Excerpts from a dataset
------------------------------------------------------------
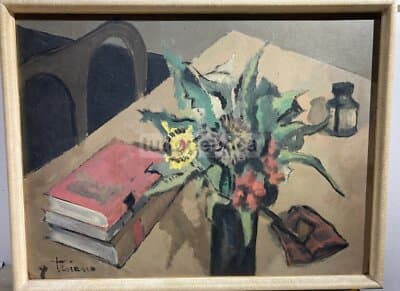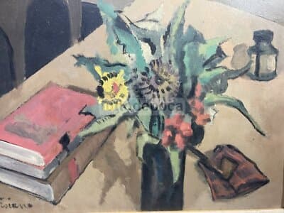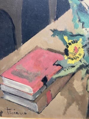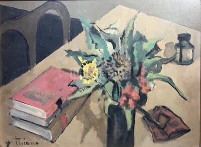Arte Del '900: Natura Morta Con Vaso Di Fiori, Libri E Calamaio, Artista Troiano
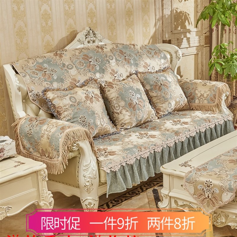 欧式沙发垫套罩组合123布艺全盖四季坐垫子高档奢华防滑靠背巾蓝
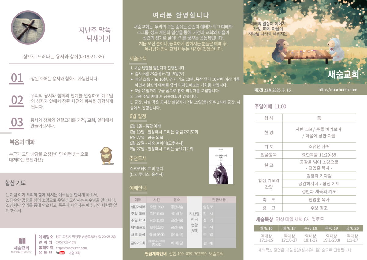 주일 예배 주보(2025-06-15) 페이지 정보 작성자 새숨교회 댓글 0건 조회 1,084회 작성일 25-06-15 01:30 목록 본문 주보입니다. 댓글 0 댓글목록 등록된 댓글이 없습니다.
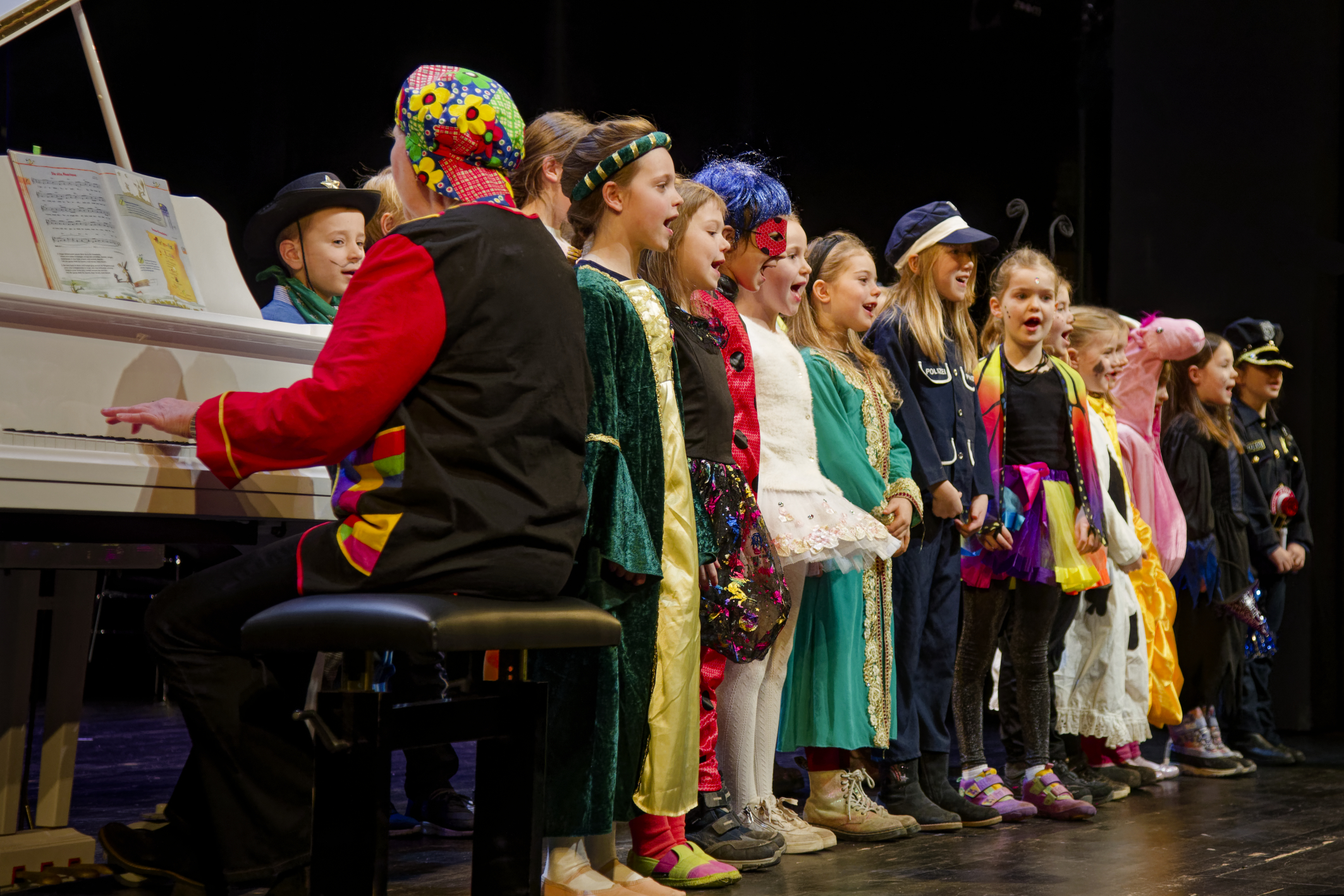 Beim traditionellen Faschingskonzert führte Musikschulleiter Folko Jungnitsch alias Clown Folkone, begleitet von seinen Kolleginnen Mechthild Kiendl, Susanne Savage und Linda Suschko, durch ein buntes Programm der jüngsten Schülerinnen und Schüler der Musikschule Pullach.
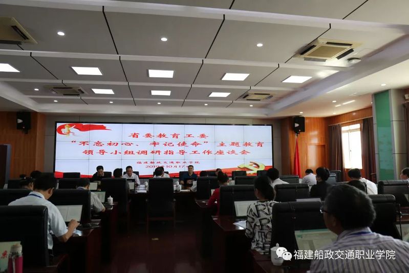 10月17日上午,省委教育工委副書記、省委教育工委主題教育領導小組副組長、領導小組辦公室主任王建南一行到福建船政交通職業(yè)學院調研指導“不忘初心、牢記使命”主題教育工作。學院“不忘初心、牢記使命”主題教育領導小組全體成員參加了調研座談會。
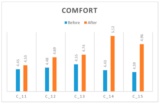 | Comfort | 4.46 | 0.88 | 4.81 | 1.25 | 0.35 | 2.62 | p < 0.01 |
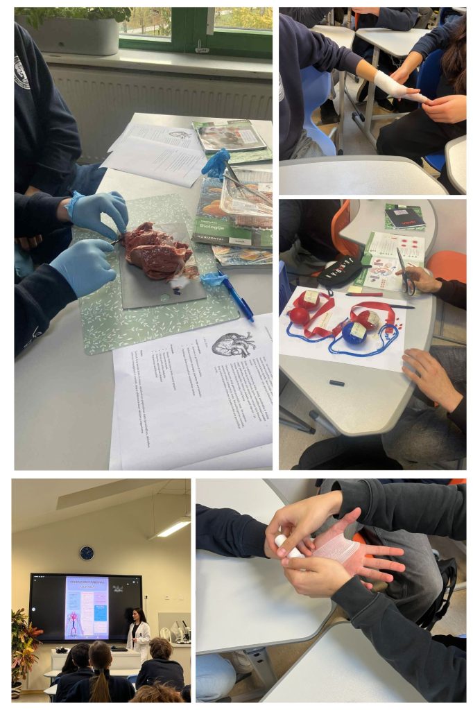 Iv1 klasės mokiniams pamokų ciklą iš temos „Kraujas ir kraujotaka“ vedė Vytauto Didžiojo universiteto STEAM – biologijos ir chemijos IV kurso studentė Zinaida Jurevičiūtė. Mokiniai išgirdo temos teorinę dalį, atliko praktinius darbus, mokėsi suteikti pirmą pagalbą, stebėjo praktinę demonstraciją, o vėliau patys išbandė tvarstymo technikas. Čia jai talkino LSMU studentė – būsima slaugytoja, Saulė.
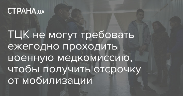 ТЦК не можуть вимагати щорічно проходити військову медкомісію, щоб отримати відстрочку від мобілізації
------------------------------------------------------------
TASK BRIEF
Your task is to repeat exactly the lines from the beginning of the data to the line that contains "주일 예배 주보(2025-06-15)", both ends included, leaving out pictures.

EXERCISE RESPONSE
Arte Del '900: Natura Morta Con Vaso Di Fiori, Libri E Calamaio, Artista Troiano
 欧式沙发垫套罩组合123布艺全盖四季坐垫子高档奢华防滑靠背巾蓝
 주일 예배 주보(2025-06-15) 페이지 정보 작성자 새숨교회 댓글 0건 조회 1,084회 작성일 25-06-15 01:30 목록 본문 주보입니다. 댓글 0 댓글목록 등록된 댓글이 없습니다.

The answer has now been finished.